─── Data records

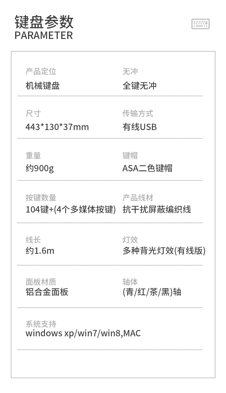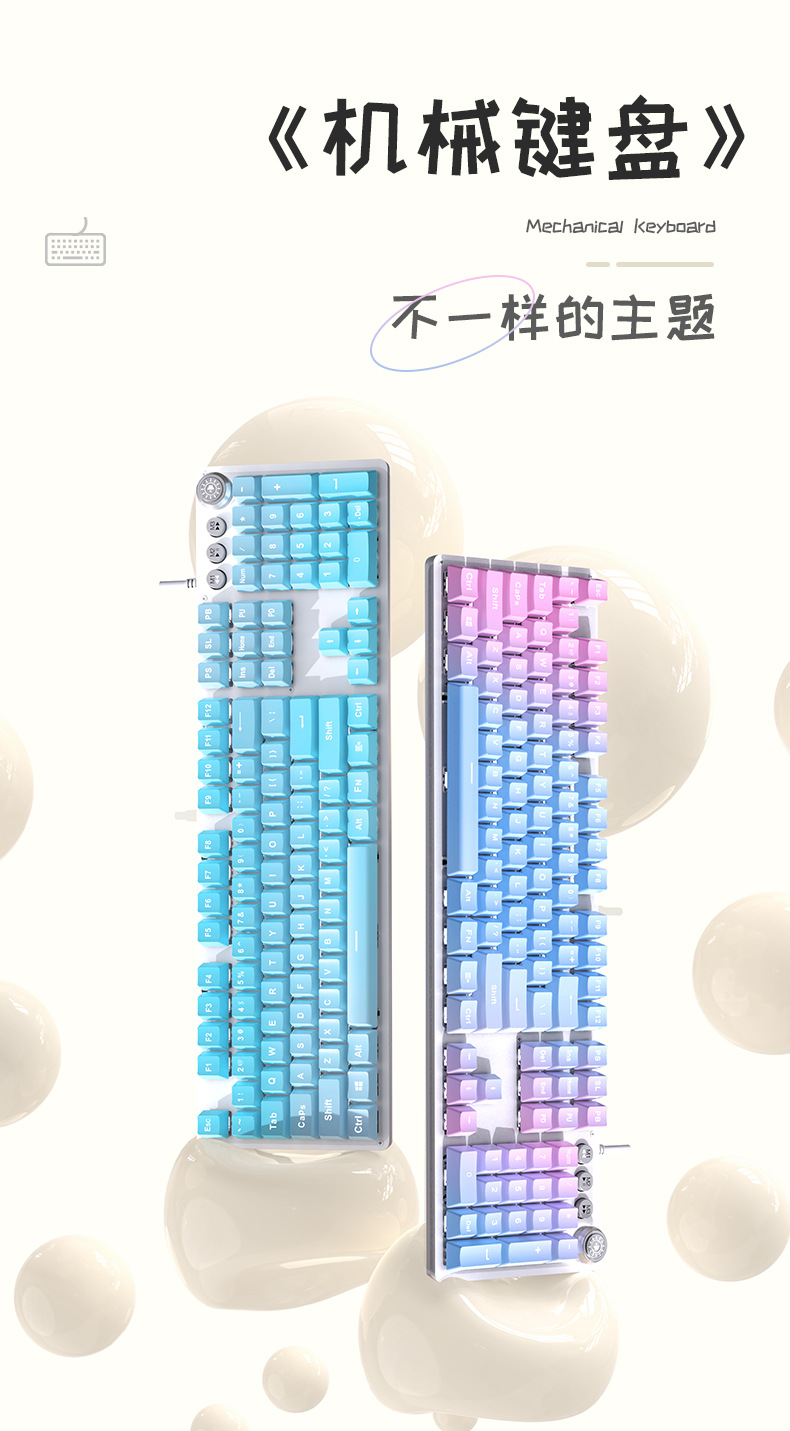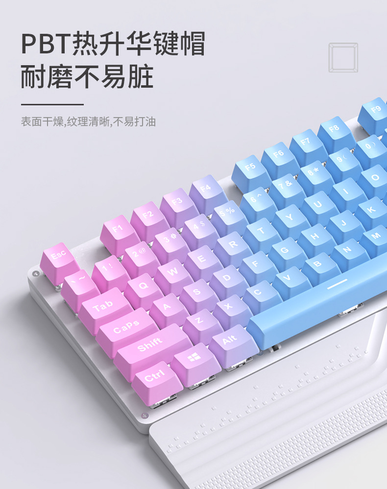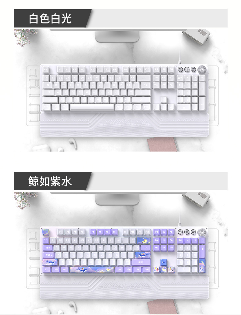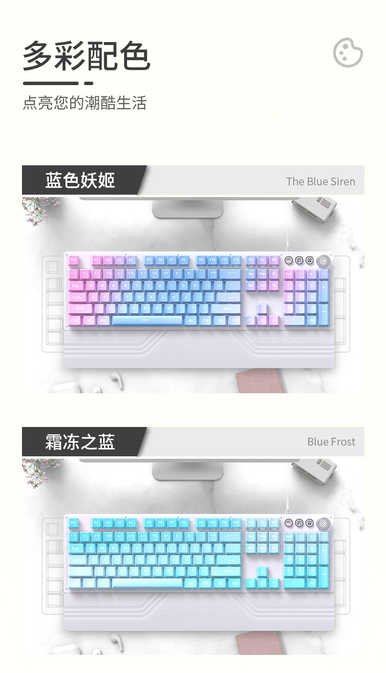 前行者TK930機械鍵盤白藍主題金屬面板有線電競遊戯鍵盤
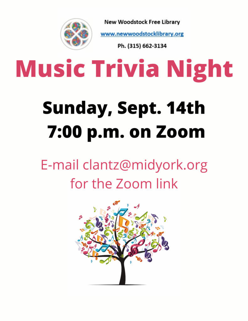 Music Trivia Night returns on Sunday, September 14th, at 7:00 p.m. The contest is for bragging rights only and is played via Zoom; e-mail Clara at clantz@midyork.org to request the Zoom link. The game consists of 4 categories of 10 questions each. This time, those categories are:
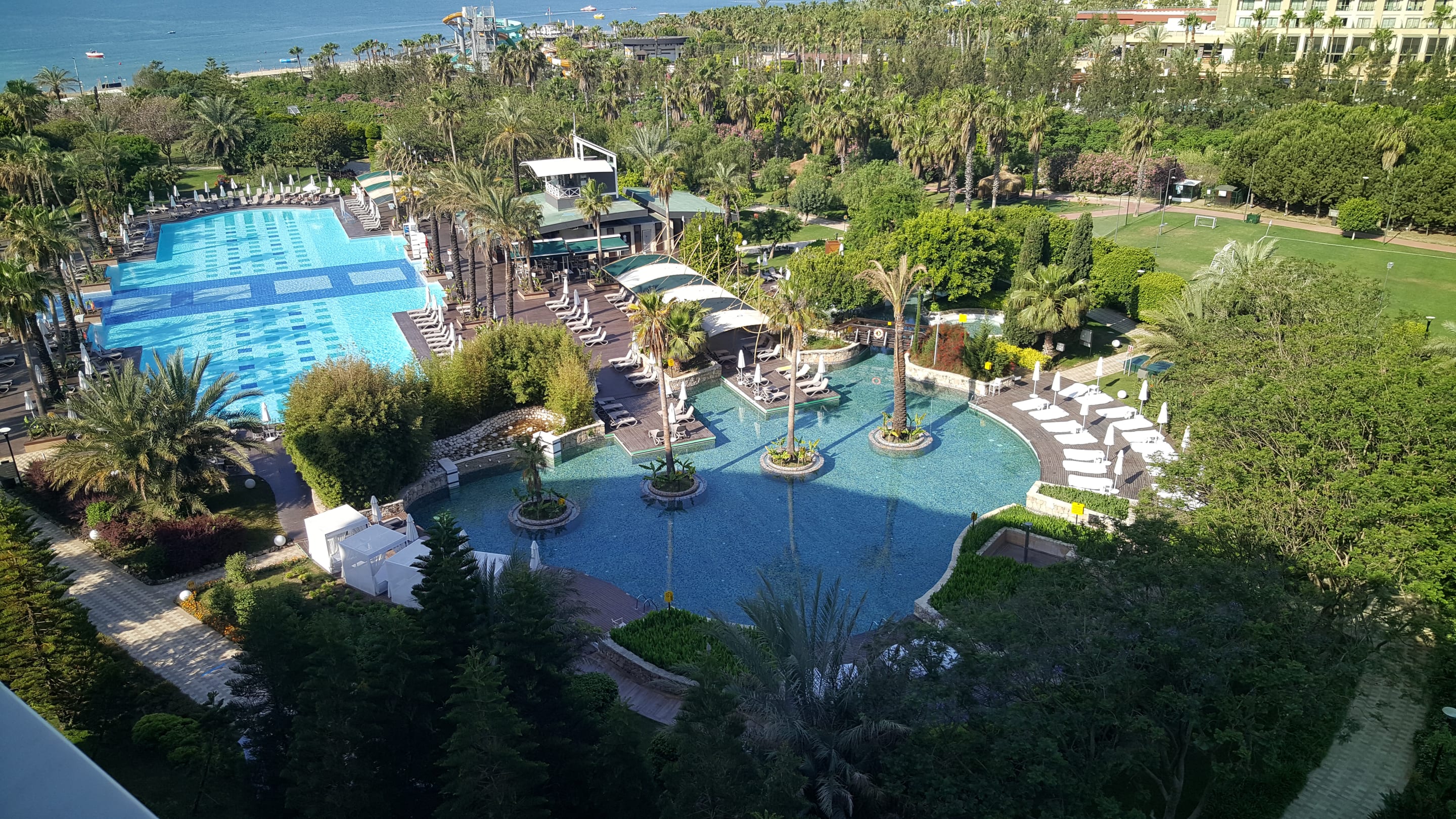 Haupt- und Relaxpool direkt nebeneinander. Rechts vom Hauptpool die Poolbar
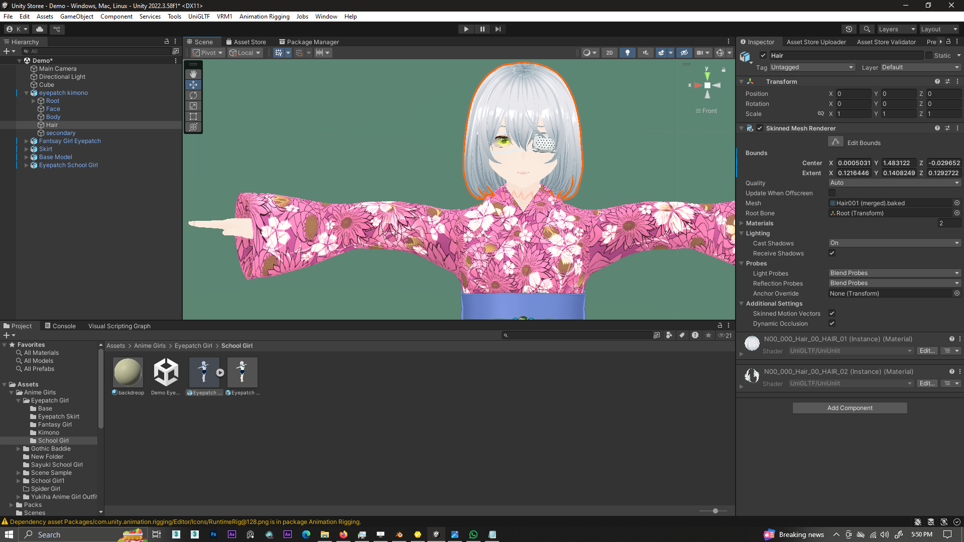 This is a Fully Rigged Model packed with Facial Expression Sliders For Blender and unity (simply drag the prefab in your scene, Compiled with Hair, cloth physics, and customizable facial expressions)
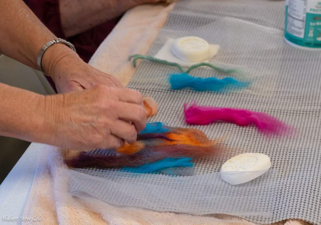 Gerlyn Brasic presented her art and "how to" on wet wool felting, followed by an opportunity to make a wool coaster.
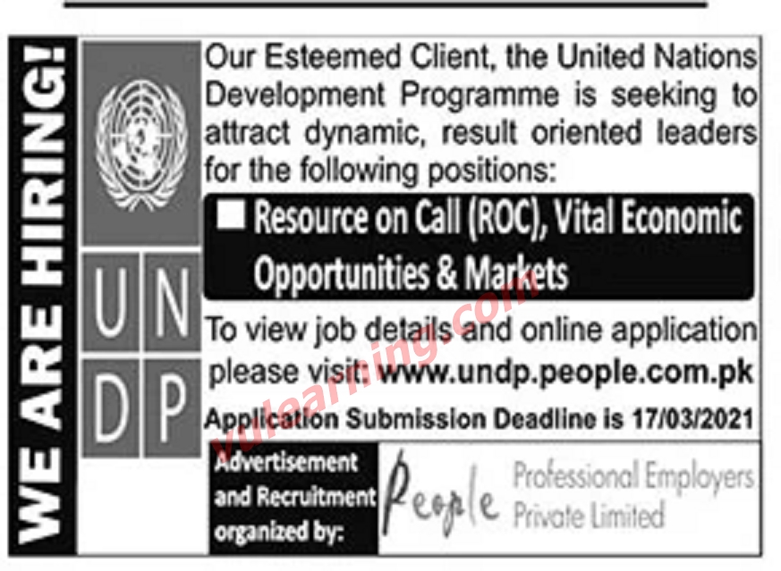 United Nations Development Programme (UNDP) Pakistan Jobs 2021 Apply Onlnie Latest Job Ad shown on this page is taken from The News Newspaper on 11-03-2021
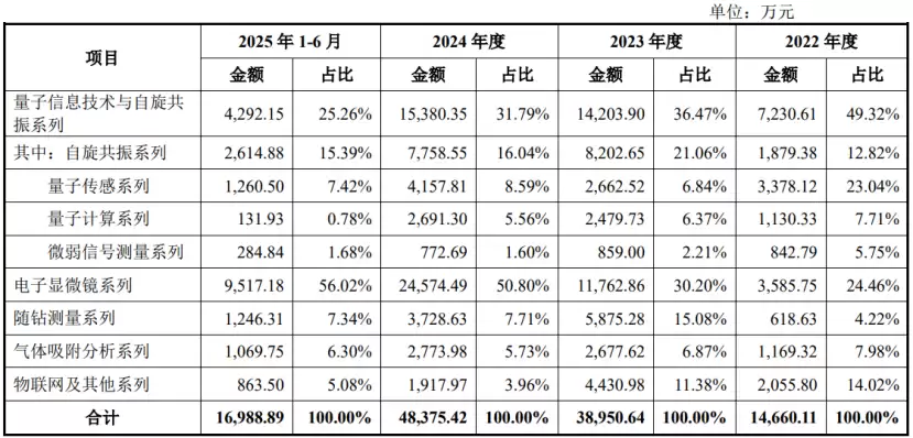 从2024年到2025年上半年(简称“报告期”),公司来自量子信息技术与自旋共振系列业务的营收占比从49.32%下降至25.26%,而来自电子显显微镜系列业务的营收占比则从24.46%提升至56.02%。相比之下,随钻测量、气体吸附分析、物联网等业务的营收占比较低。
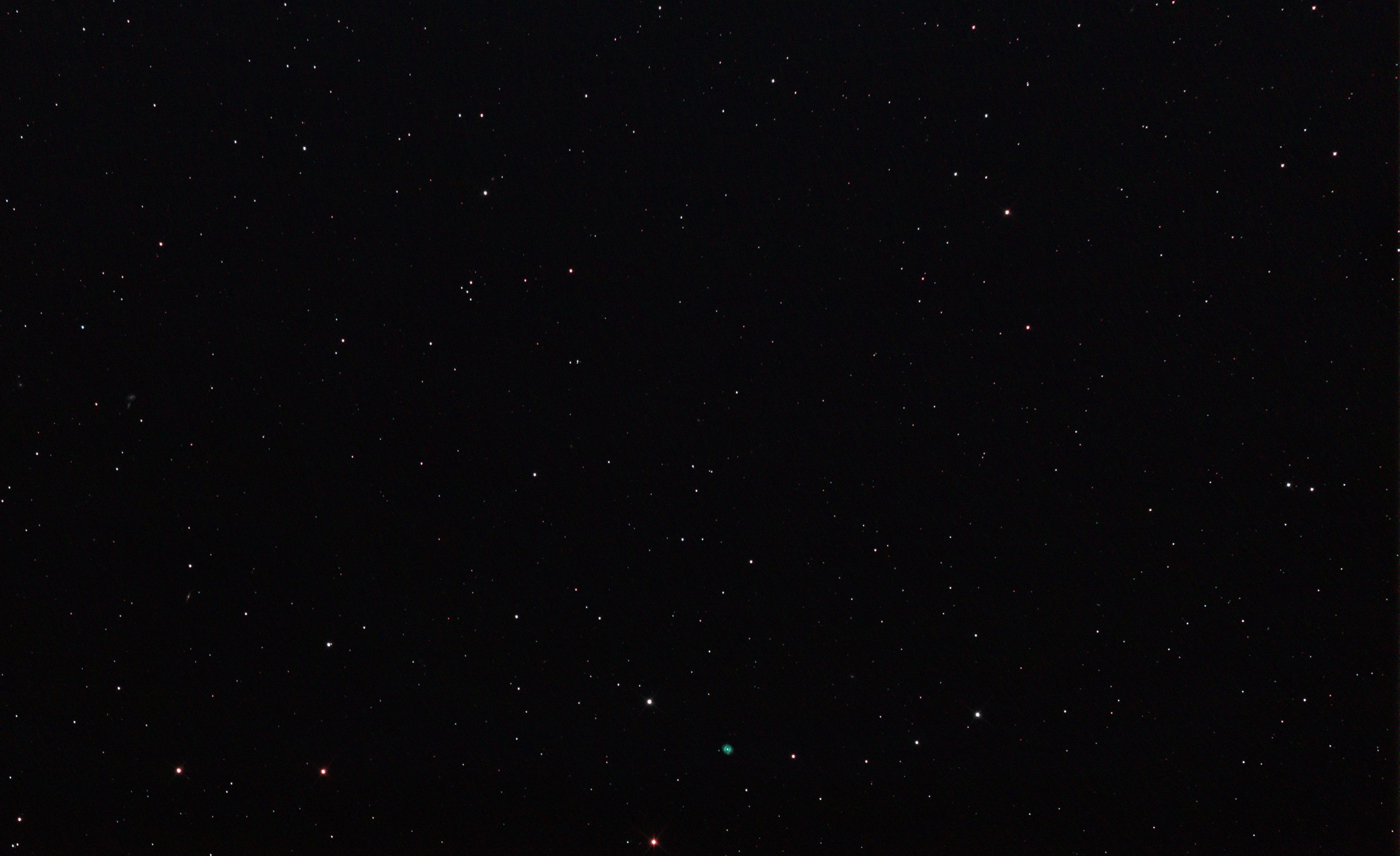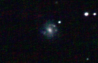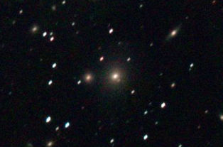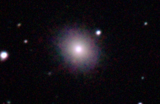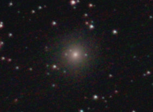 am 27.10.2014, 80 Aufnahmen mit Canon EOS 1100Da je 145s bei 800 ASA belichtet im Primärfokus des 250/1016 SN Sternbild Perseus 0,9'x1,1' 13,1m ca. 240 Millionen ly elliptische Galaxie, Teil des Galaxienhaufens Abell 426 |
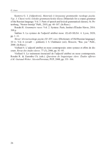 8. Sakhno S. La syntaxe de l’adjectif attribut russe // ELAD-SILDA. 4. Lyon, 2020. P. 1-11.

──────

**Exercise objective**: Using the records above, print exactly the run of lines that starts with the line with "Gerlyn Brasic presented" and goes on through the line with "United Nations Development", pictures excluded.

**Written response**:
 Gerlyn Brasic presented her art and "how to" on wet wool felting, followed by an opportunity to make a wool coaster.
 United Nations Development Programme (UNDP) Pakistan Jobs 2021 Apply Onlnie Latest Job Ad shown on this page is taken from The News Newspaper on 11-03-2021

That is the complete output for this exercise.